CAAC Centro Andaluz de Arte Contemporáneo

Ai Weiwei

Resistance And Tradition

01 Feb - 23 Jun 2013

Ai Weiwei
Descending Light, 2007
View of the exhibition at CAAC
AI WEIWEI. RESISTANCE AND TRADITION
1 February - 23 June 2013

Curators: Luisa Espino y Juan Antonio Álvarez Reyes
Exhibition Session: Surround Action: Conceptual Peripheries

Different manifestations within the aesthetics of resistance have forged diverse paths of knowledge in the artistic developments of recent decades.
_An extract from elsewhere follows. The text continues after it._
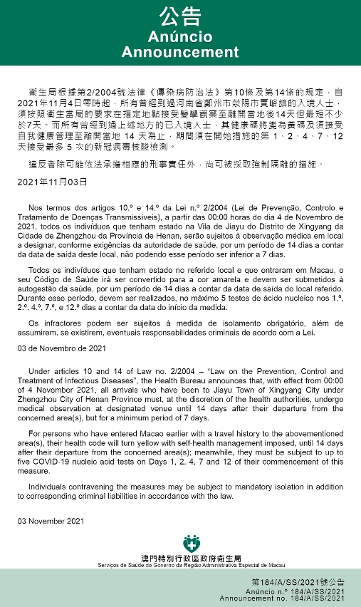 O Centro de Coordenação de Contingência do Novo Tipo de Coronavírus informa que tendo em consideração a evolução epidemiológica mais actualizada da Província de Henan, os Serviços de Saúde, de acordo com os dispostos nos artigos 10.º e 14.º da Lei n.º 2/2004 (Lei de Prevenção, Controlo e Tratamento de Doenças Transmissíveis), determinam que a partir das 00:00 horas do dia 4 de Novembro de 2021, todos os indivíduos que tenham estado na Vila de Jiayu do Distrito de Xingyang da Cidade de Zhengzhou da Província de Henan, serão sujeitos à observação médica em local a designar, conforme exigências da autoridade de saúde, por um período de 14 dias a contar da data de saída deste local, não podendo esse período ser inferior a 7 dias.

One might argue that Ai Weiwei embodies one of the variants of this aesthetics, in a sense not far removed from what Hal Foster defined as the postmodernism of resistance: that which examines issues related to language and representation in a political light. In this respect, his work stems from the formal and linguistic tradition of minimal and conceptual art, even though it ultimately and deliberately perverts the outcome.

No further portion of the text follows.